= Exercise =
When the line containing "A small Eiffel" is found in the data below, give it again along with every later line, exactly; drop the pictures.

= Source material =
'''

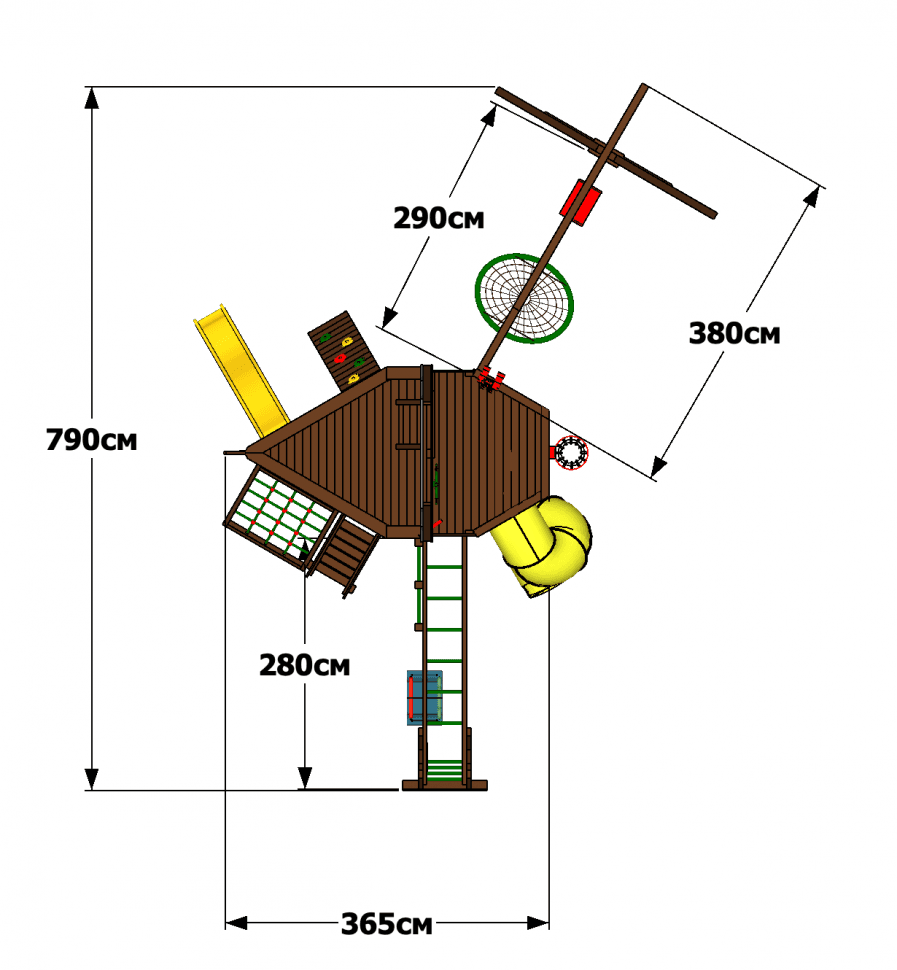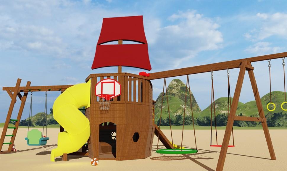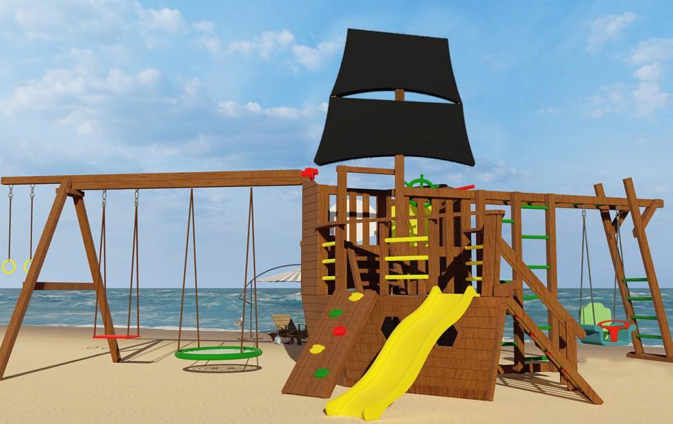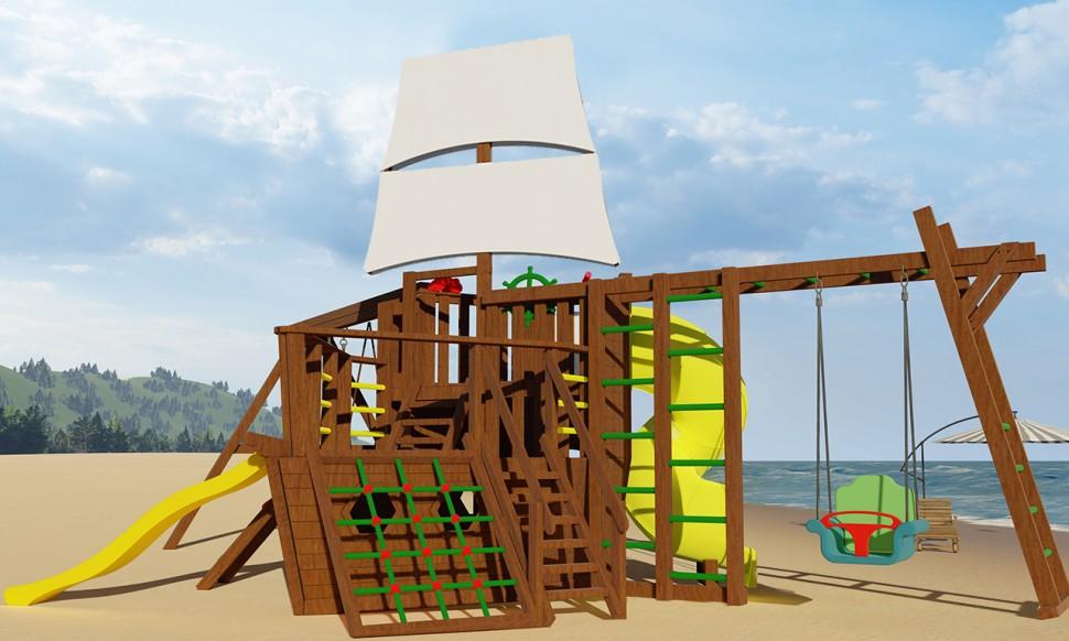 Детская площадка Princess of the sea 4 это комплекс из двухуровневого игрового центра в виде корабля. Изготовлен из карельской сосны первого сорта. Тщательная шлифовка каждой детали делает покрытие абсолютно гладким и безопасным к применению. Все детали площадки покрашены методом окунания в краску, что обеспечивает ровный слой краски, которая предотвращает негативные последствия от внешних воздействий и долговечность. Большой игровой центр включает в себя несколько модулей и предназначен для общественного пользования. Модуль рукоход с качелями для детей младшего возраста. Модуль «шведская» станка для подходит для детей среднего возраста. Качельная балка с двумя качелями заинтересует детей от 0 до 16 лет. Комплектация Яхта (Принцесса моря 4): - Площадка в виде корабля - Каюта (домик с полами) - Иллюминаторы (окошки) - 5шт - Мачта с парусами (цвет на выбор) Белый, Бордовый, Черный - Безопасная лестница с перилами - Канатная стенка - Горная стенка с пластиковыми зацепами - Баскетбольное кольцо с сеткой - Бинокль - Подзорная труба - Руль для детской площадки - Горка труба с высоты 145см - Горка прямая с высоты 90см - Модуль "Шведская стенка" - Модуль "Рукоход" с качелями "трансформер 3 в 1" - Анкера для крепления в грунт - Подробная инструкция по сборке - Крепеж Качельная балка (290см) с качелями: - Качели лодочка - Качели «гнездо» (диаметр 1 метр) - Дополнительный модуль «гимнастические кольца»(+80см к качельной балке) Размеры: - Длина - 790см - Ширина - 365см - Высота палубы - 90см - Высота второго этажа - 145см - Высота мачты - 395см Размеры каюты: Ширина 150см Длина 120см Высота 145см Данные для доставки: Вес 780кг Объем 3,2м3, 13 мест
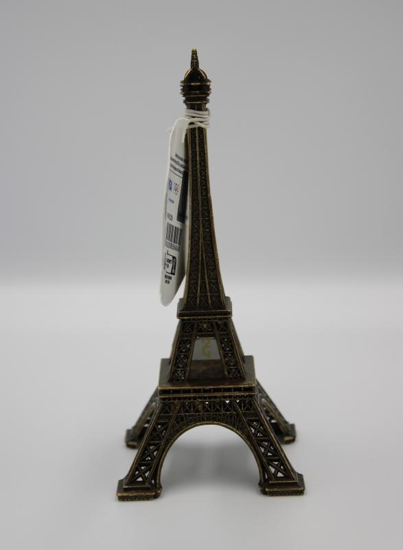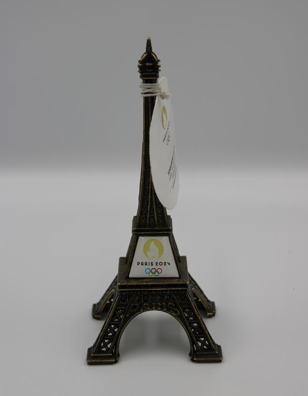 A small Eiffel Tower figurine with “Paris 2024” and the Olympic symbols on the front. The design incorporates “PARIS” and “MADE IN FRANCE,” and it comes with a white tag confirming it as an official product of the 2024 France Olympics.
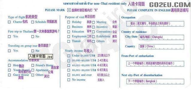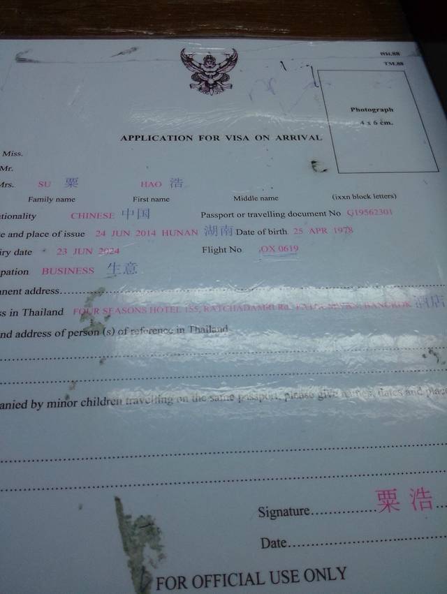 经过2个多小时的飞行,顺利抵达曼谷廊曼机场,这个是入境要填写的表格,当时我们换钱、填这个、以及照片有问题弄了好久。建议大家如果没泰铢,到了签证处,立刻去换钱,然后不要自己在国内照相了,直接在签证那儿照,最靠谱啦。

'''

= Exercise result =
 A small Eiffel Tower figurine with “Paris 2024” and the Olympic symbols on the front. The design incorporates “PARIS” and “MADE IN FRANCE,” and it comes with a white tag confirming it as an official product of the 2024 France Olympics.
 经过2个多小时的飞行,顺利抵达曼谷廊曼机场,这个是入境要填写的表格,当时我们换钱、填这个、以及照片有问题弄了好久。建议大家如果没泰铢,到了签证处,立刻去换钱,然后不要自己在国内照相了,直接在签证那儿照,最靠谱啦。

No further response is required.